Return the lines that run from the beginning of the entries to the line holding "Zijn vrouw draaide", inclusive, and drop the pictures.

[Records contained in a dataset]
──────

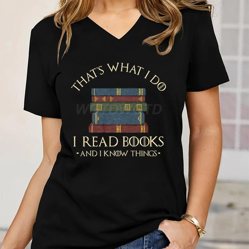 V-Ausschnitt Lesebuchliebhaber Geschenk T-Shirt Oberteile Das ist, was ich tue, ich lese Bücher Grafik-T-Shirts Damen Und ich weiß Dinge Freizeit-Oberteile
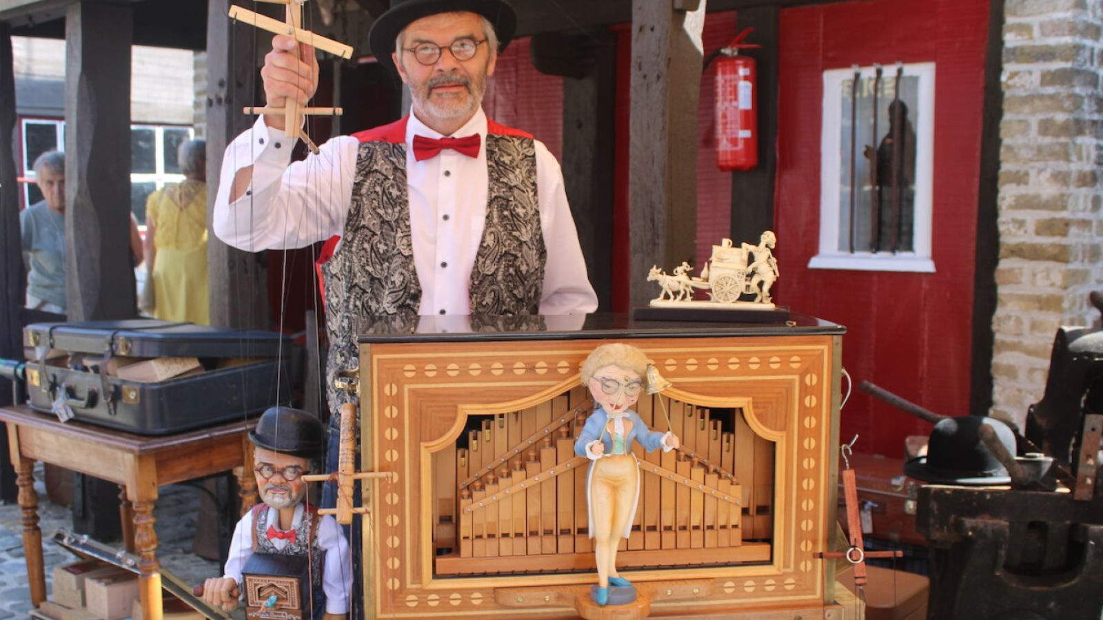 Zijn vrouw draaide het orgel terwijl hij zelf het publiek ‘bespeelde’ met zijn look-a-like marionet
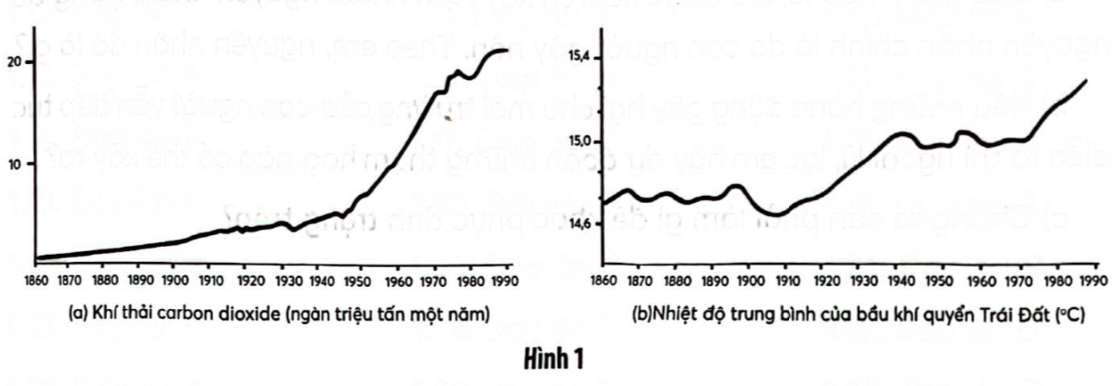 Câu 1: Hiệu ứng nhà kính ngày càng trở nên rõ rệt hơn vào thế kỉ X, minh chứng cụ thể là nhiệt độ trung bình của bầu khí quyển Trái Đất đang ngày một tăng lên. Theo nhiều kết quả nghiên cứu, lượng khí thải CO2 vẫn được coi là nguyên nhân chính gây ra hiện tượng hiệu ứng nhà kính. Một học sinh tên là An đã tỏ ra thích thú với mối liên hệ có thể có giữa nhiệt độ trung bình của bầu khí quyển với lượng khí thải CO2 trên Trái Đất. Bạn ấy đã theo dõi hai đồ thị sau trong một bài báo tại thư viện. Từ hai đồ thị này, bạn An rút ra kết luận rằng sự gia tăng nhiệt độ trung bình của bầu khí quyển Trái Đất chắc chắn là do sự gia tăng của lượng khí thải CO2.
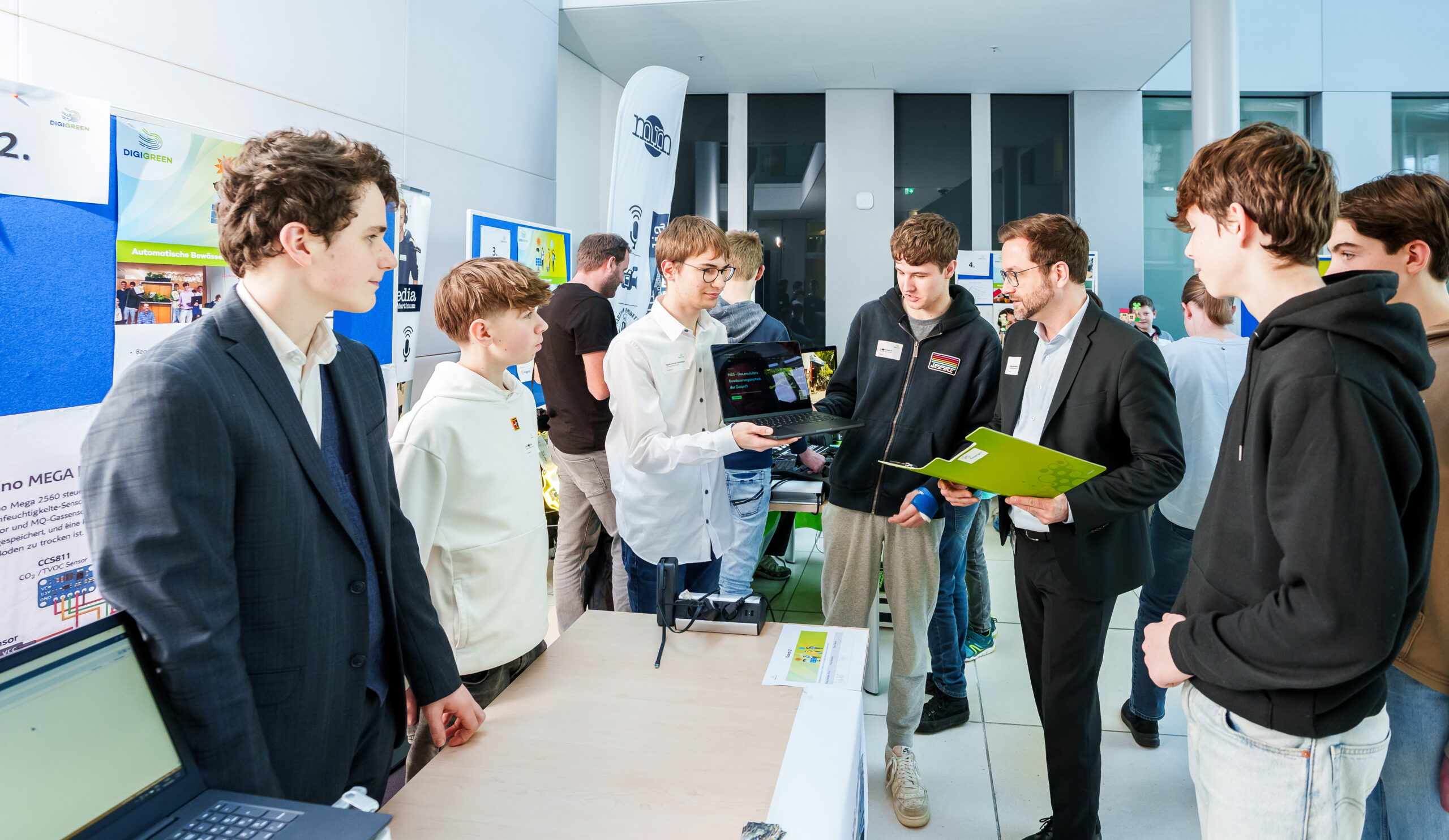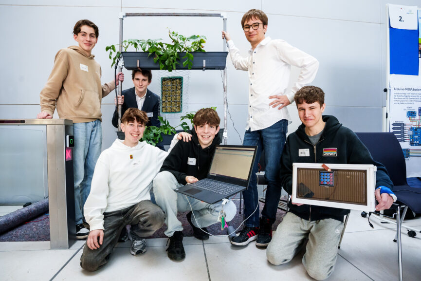 Vor Ort präsentierten die Schüler ihre digital gesteuerte Begrünungswand für Klassenzimmer, die sie in den vergangenen Monaten intensiv weiterentwickelt hatten. Die Kombination aus nachhaltigem Ansatz und technischer Umsetzung überzeugte durch ihre Praxisnähe: Ein System aus Sensorik und automatisierter Versorgung sorgt dafür, dass Pflanzen zuverlässig zur Verbesserung der Raumluft beitragen – ganz ohne zusätzlichen Pflegeaufwand im Schulalltag.
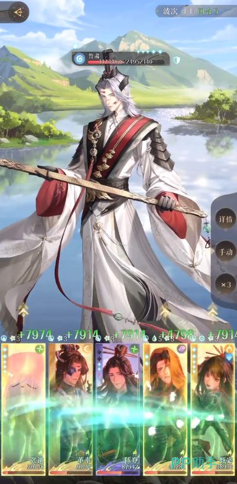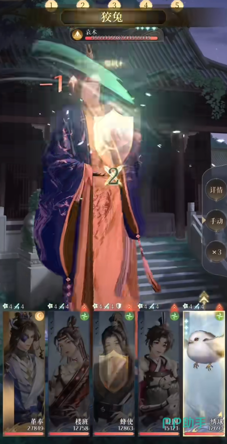 2、祛风。回合初,为全体队友恢复hp值,恢复量相当于董奉的50%攻击力。如果队友被沉默、麻痹,则随机清除一名的异常效果,优先清除董奉自身。
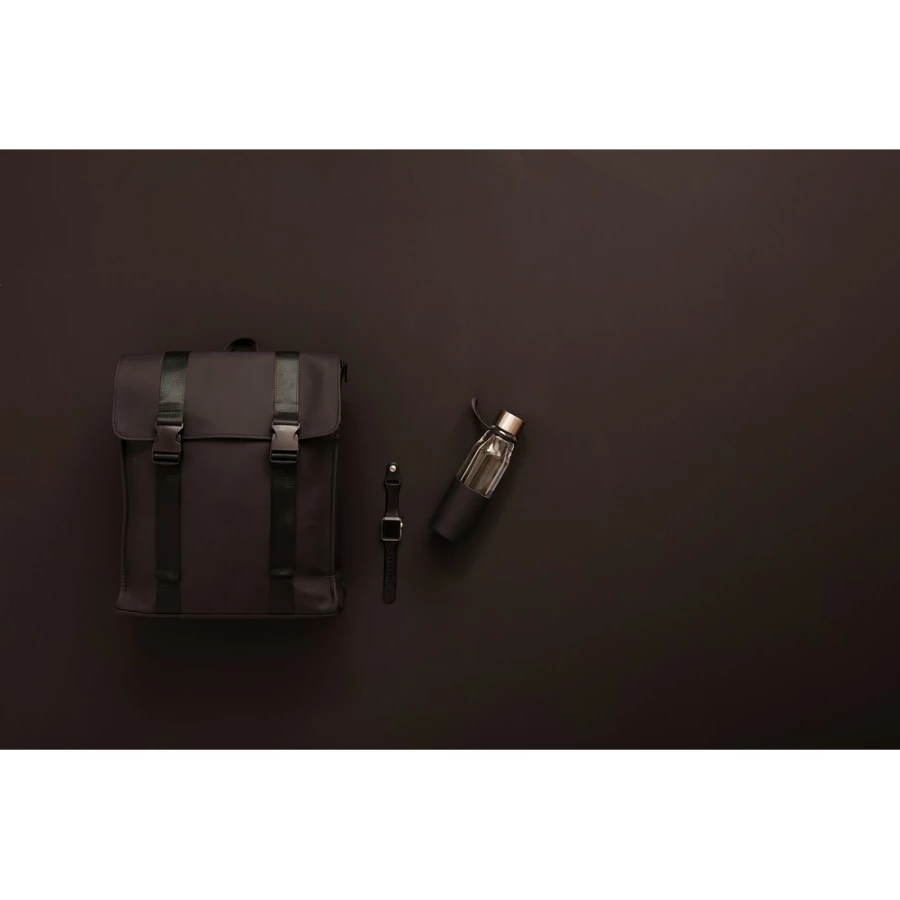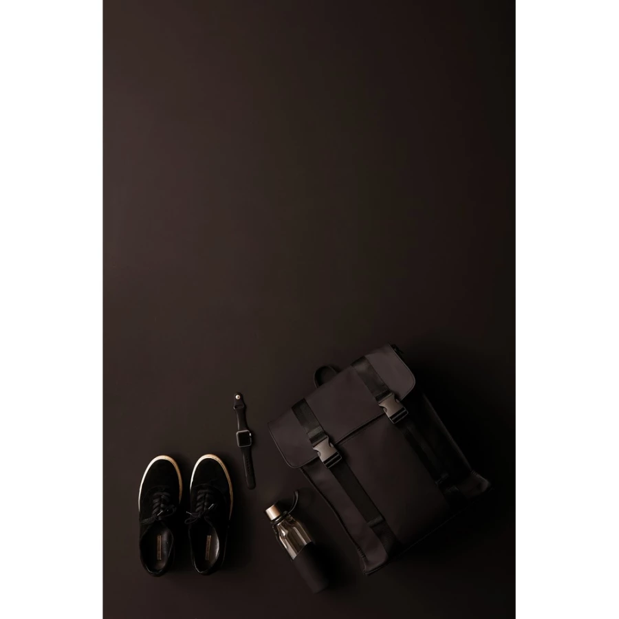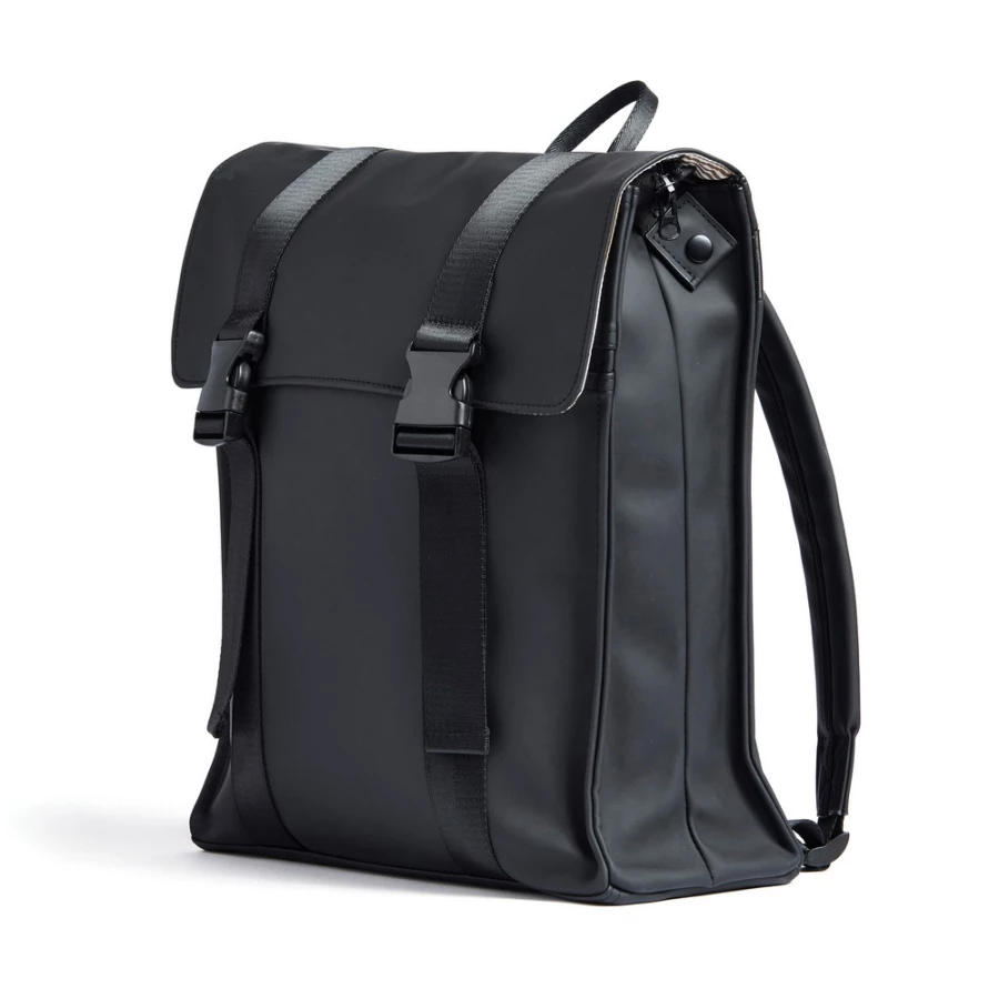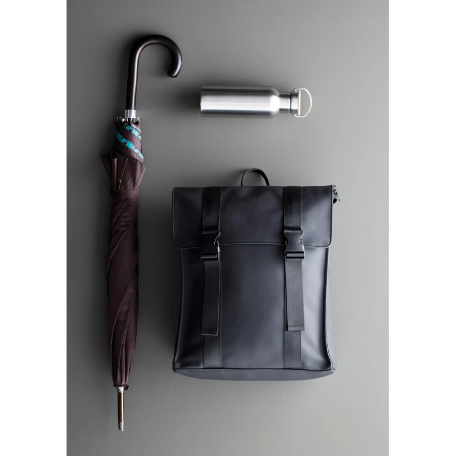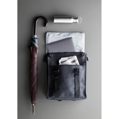 Plecak, wykonany z wodoodpornego materiału, kieszeń na zamek z boku, ukryta kieszeń z tyłu, regulowane paski na ramiona

──────

* EXERCISE OUTPUT:
 V-Ausschnitt Lesebuchliebhaber Geschenk T-Shirt Oberteile Das ist, was ich tue, ich lese Bücher Grafik-T-Shirts Damen Und ich weiß Dinge Freizeit-Oberteile
 Zijn vrouw draaide het orgel terwijl hij zelf het publiek ‘bespeelde’ met zijn look-a-like marionet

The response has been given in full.